--- Collected material Enclosed Below ---

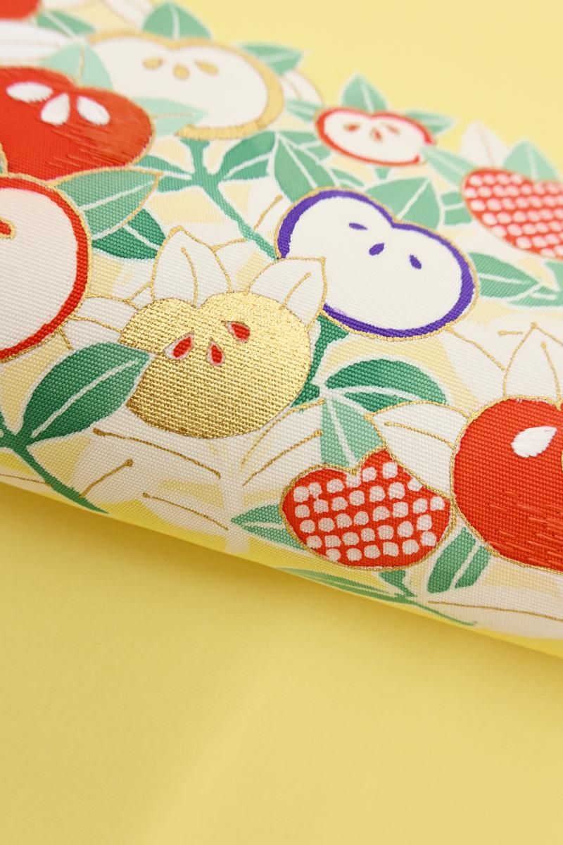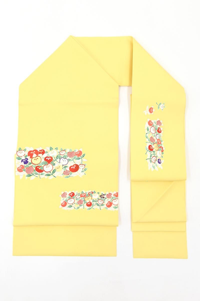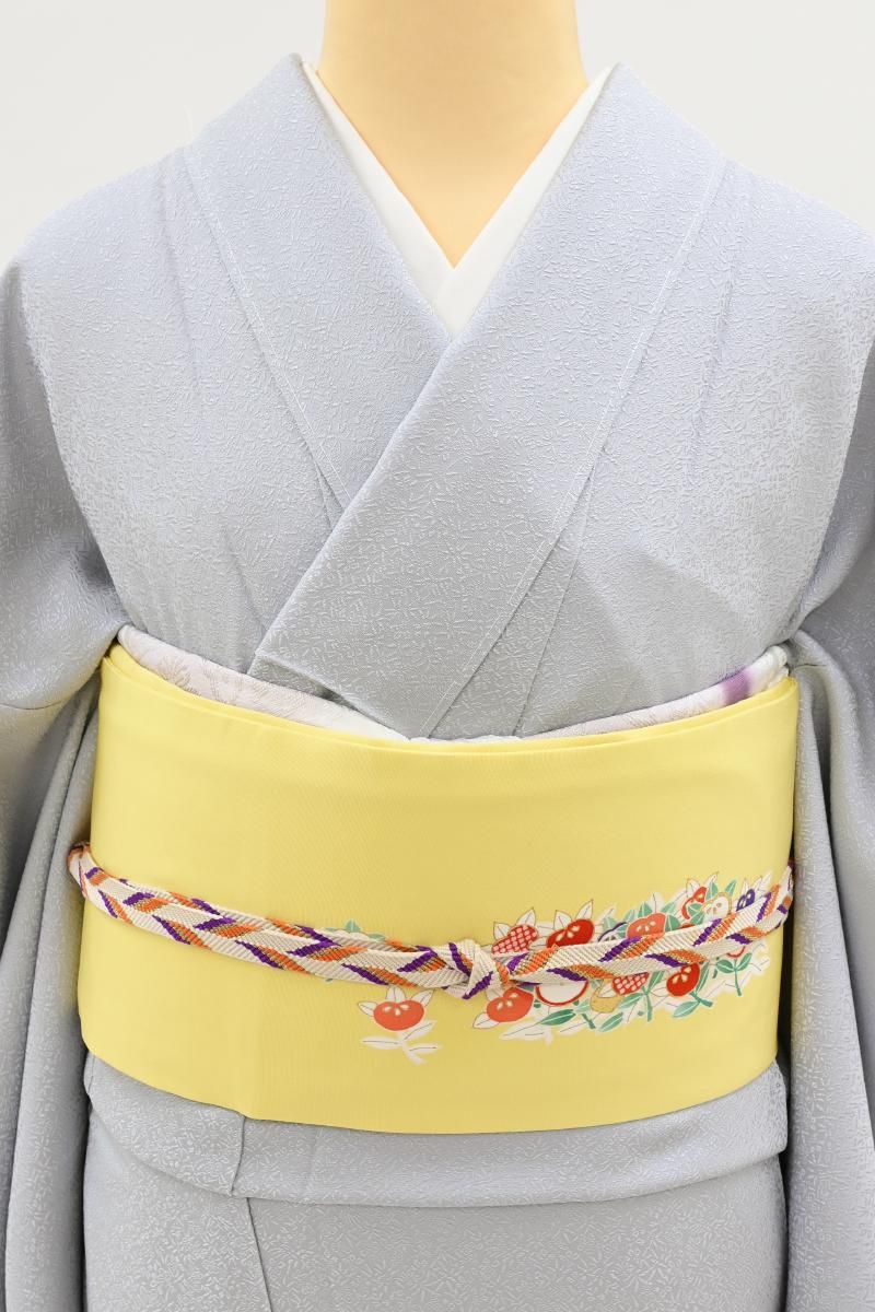 やや色を薄めた黄色が近いでしょうか、明るいレモンイエロー系の塩瀬地に、橘文を配した名古屋帯です。さらりとした地風の爽やかなお色目に、愛らしく並ぶ橘文が鮮やかに映えるお品、金彩の煌めきや刺繍の立体感が一層の華やぎを添え、装いをはんなりと引き立ててくれることと思います。小紋や色無地、江戸小紋などに合わせて、お友達とのお食事会やお出かけなどにいかがでしょうか。
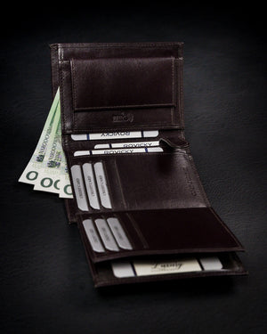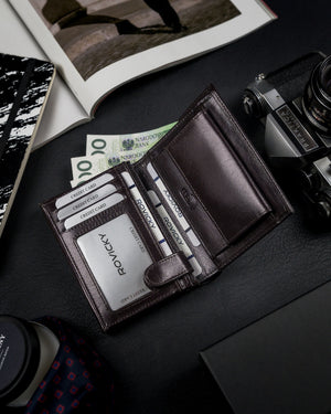 Šis Rovicky vīriešu maks ir izgatavots no augstas kvalitātes īstas ādas, kas nodrošina izturību un eleganci. Brūnais dizains piešķir tam klasisku un stilīgu izskatu.
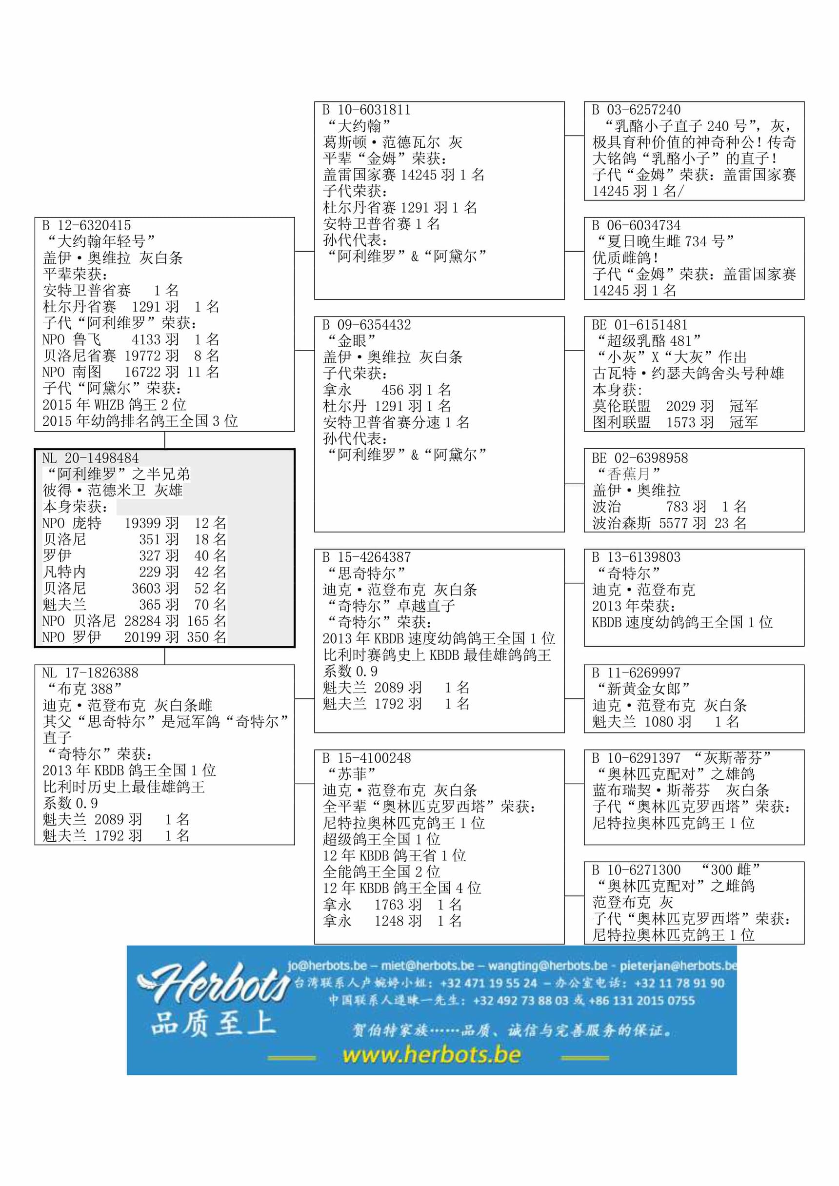 “阿利维罗”的子代荣获: WHZB鸽王全国2位以及鸽王全国3位(排名)

--- End of Enclosed Collected material ---

What you have to do:
Word for word, give the data above again, without any images.

Solution to this task:
 やや色を薄めた黄色が近いでしょうか、明るいレモンイエロー系の塩瀬地に、橘文を配した名古屋帯です。さらりとした地風の爽やかなお色目に、愛らしく並ぶ橘文が鮮やかに映えるお品、金彩の煌めきや刺繍の立体感が一層の華やぎを添え、装いをはんなりと引き立ててくれることと思います。小紋や色無地、江戸小紋などに合わせて、お友達とのお食事会やお出かけなどにいかがでしょうか。
 Šis Rovicky vīriešu maks ir izgatavots no augstas kvalitātes īstas ādas, kas nodrošina izturību un eleganci. Brūnais dizains piešķir tam klasisku un stilīgu izskatu.
 “阿利维罗”的子代荣获: WHZB鸽王全国2位以及鸽王全国3位(排名)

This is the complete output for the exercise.